There is extensive information on the internet that will keep you on the right track for planning your railway and giving you enough knowledge to make reasonable decisions about the plan of your railway.

The issue of grade is one that you must look at this way. Do you really see american prototype railroads going up or down steep grades? The answer is no. The reason is quite simple that it is physically impossible to achieve this and therefore efforts must be undertaken to use switchbacks, bridges and very long distances to move a train from one level to another. The problem with model railroading usually doesnt involve loss of life, which I am sure is a concern to the prototype railroads, rather loss of money and enjoyment of your hobby. Trains falling to the ground will break, and will cost you money to fix or replace. Having to always attend to the speed of your locomotive is not usually very enjoyable. An operating layout is one in which you are attending the train constantly and are "playing trains". The railway you described for yourself seems to be of the type you would just turn it on and watch it go. Thats fine, but you can't have steep declines with that type. You have to remember what goes up must come down. The power to make a train go up an incline will be too much for that train to decend the incline, unless it is adjusted along the way, which is not practical.

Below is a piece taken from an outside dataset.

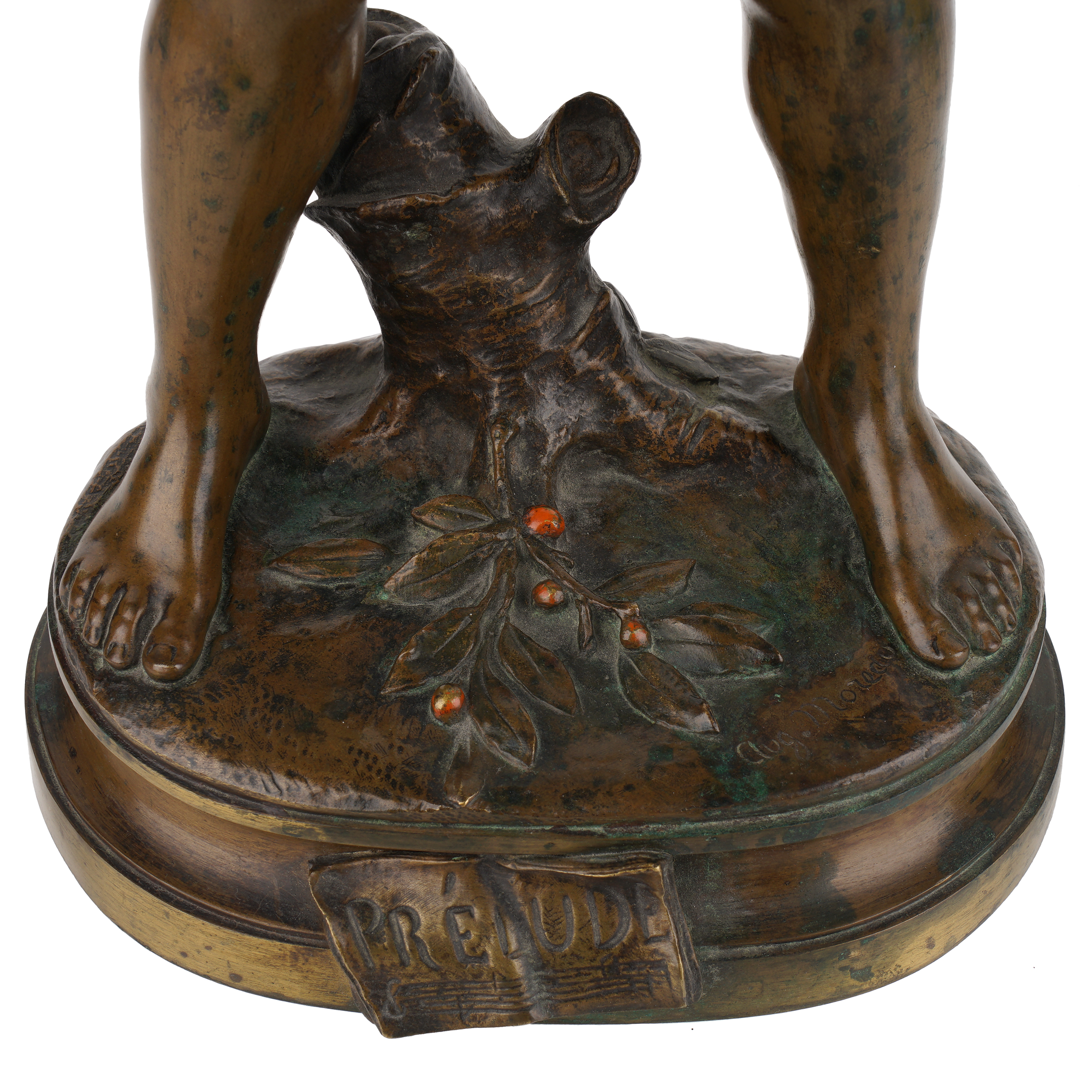 По модели французского скульптора Луи-Огюста Моро (Louis-Auguste Moreau, 1855-1919) под оригинальным названием «Прелюдия». Бронза, литье, проработка, тёмно-коричневое патинирование, в основании «Prelude», на позёме в литье факсимиле подписи скульптора «Auguste Moreau», «EP»; высота – 50 см

One of the things I knew about before I purchased anything related to this hobby was the cost. That of course is a kind of personal issue. We can all spend our money on whatever we want. G scale trains compared to other scales is more money and thats just the way it goes.

Your inital question on where to begin can be answered this way. Purchase some trains so you don't lose interest. Plan a simple layout which will not break the bank. Build your layout so after the inital construction you will have something to enjoy. Realize it will take about 6 weeks to build it. Operate that layout and get to know how the trains work. Design that layout so you can expand with the least amount of disruption to what exsists and add to it for the next few years.

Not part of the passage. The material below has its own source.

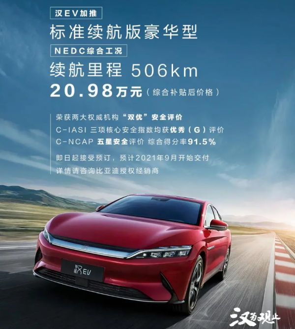 根据目前比亚迪公布的信息显示,汉EV标准续航版豪华型的补贴后售价为20.98万元,NEDC综合工况续航里程为506km,新车将会在9月份开始交付。新车型相较于此前最低配比亚迪汉EV超长续航版豪华型价格降低了2万元,续航里程减少了99km。

Most of us would admit that it would be great to be able to build the ultimate layout and operate it by the end of one summer. That is not reality. Model railroads of any scale take time for the average working person to build, we must remember that this is a hobby. Half the fun of having a model railroad is building it. Some might say that is the fun of it. I tend to like operating them more than building, but once you get going on a project in the garden it sure is fun too.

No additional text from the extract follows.